Gold is posting its longest losing streak in over a century, while bitcoin is gaining relative strength, pushing the BTC-to-gold ratio roughly 30% higher since the Middle East conflict escalated.
The metal has fallen for 10 straight sessions—its worst run since February 1920—according to Katie Greifeld. Prices have dropped as much as 27% from January’s all-time high, sliding to around $4,090 before finding support at the 200-day moving average, a widely followed indicator of longer-term trend direction.
Gold has since rebounded about 2% over the past 24 hours, suggesting the sell-off may be nearing an end. Even so, it remains down roughly 12% since tensions in the Middle East intensified in late February.
Meanwhile, bitcoin—often dubbed “digital gold”—is holding above $70,000. This has lifted the bitcoin-to-gold ratio to just under 16 ounces, up from around 12 ounces before the conflict, highlighting bitcoin’s outperformance.

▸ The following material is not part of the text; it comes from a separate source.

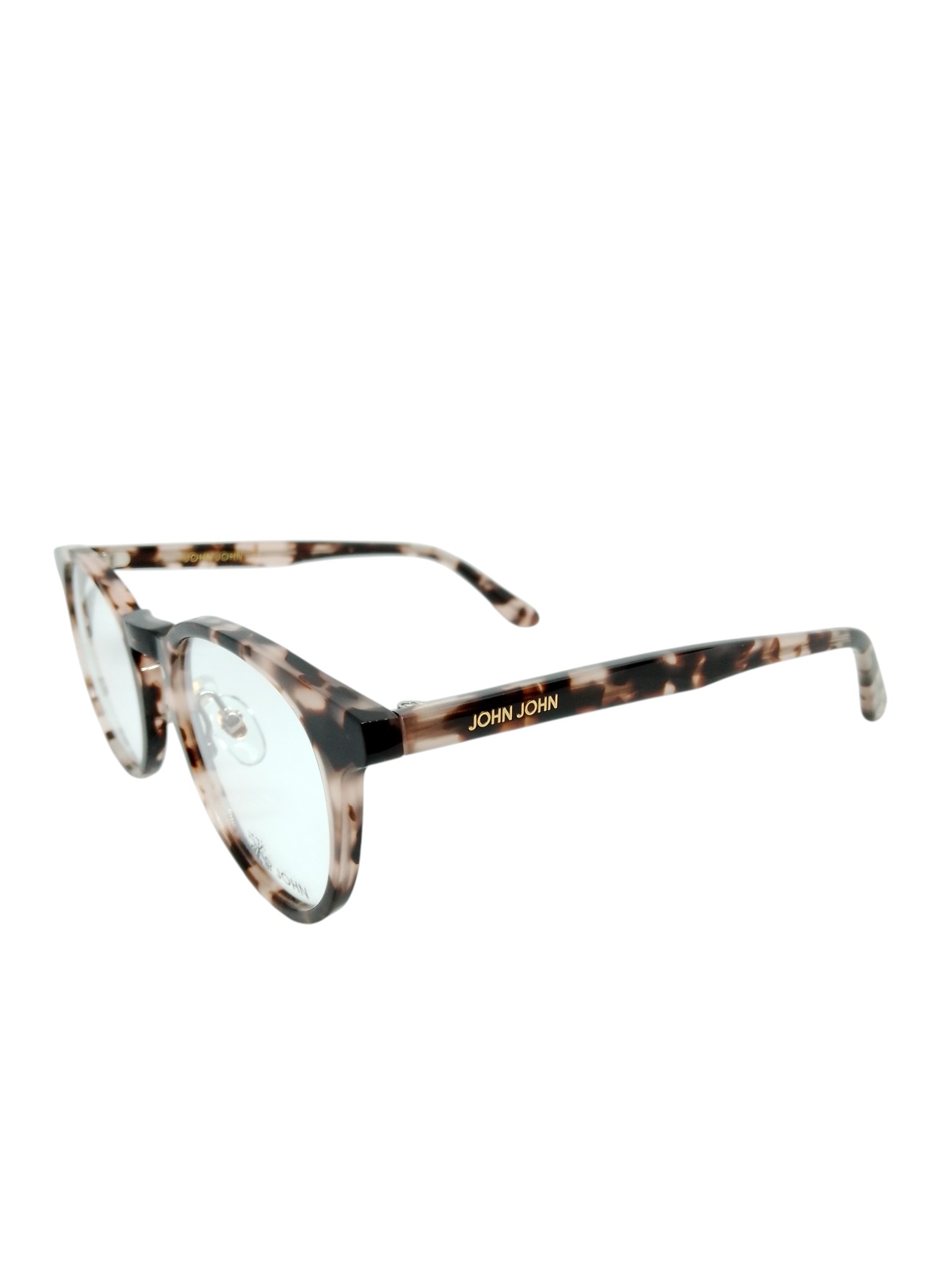 O John John JN0027 C2 é um modelo unissex que mistura design retrô e estilo moderno. A armação é confeccionada em acetato premium com padrão havana claro, apresentando tons mesclados de bege, marrom e âmbar. O formato redondo com aro fechado remete ao estilo vintage, enquanto as hastes finas com o logotipo John John em dourado trazem o toque contemporâneo característico da marca. As plaquetas ajustáveis garantem conforto e excelente adaptação ao rosto.

Charlie Morris noted that bitcoin has steadily strengthened against gold since first surpassing one ounce in 2017. The ratio has continued to build higher lows across cycles and now approaches 16 ounces, with potential to climb further if gold’s momentum continues to fade.
Historically, gold tends to lead market cycles, often rallying first before consolidating, allowing bitcoin to catch up and outperform in later phases.
However, Eric Balchunas argues that the relationship between the two assets is not strictly inverse but largely uncorrelated. He pointed out that gold-backed funds such as SPDR Gold Trust (GLD) and iShares Gold Trust (IAU) have seen billions in outflows over the past week.
By contrast, bitcoin ETFs have attracted around $2.5 billion in inflows this month, with only about $140 million in net outflows year-to-date—even as bitcoin remains roughly 20% lower over that period.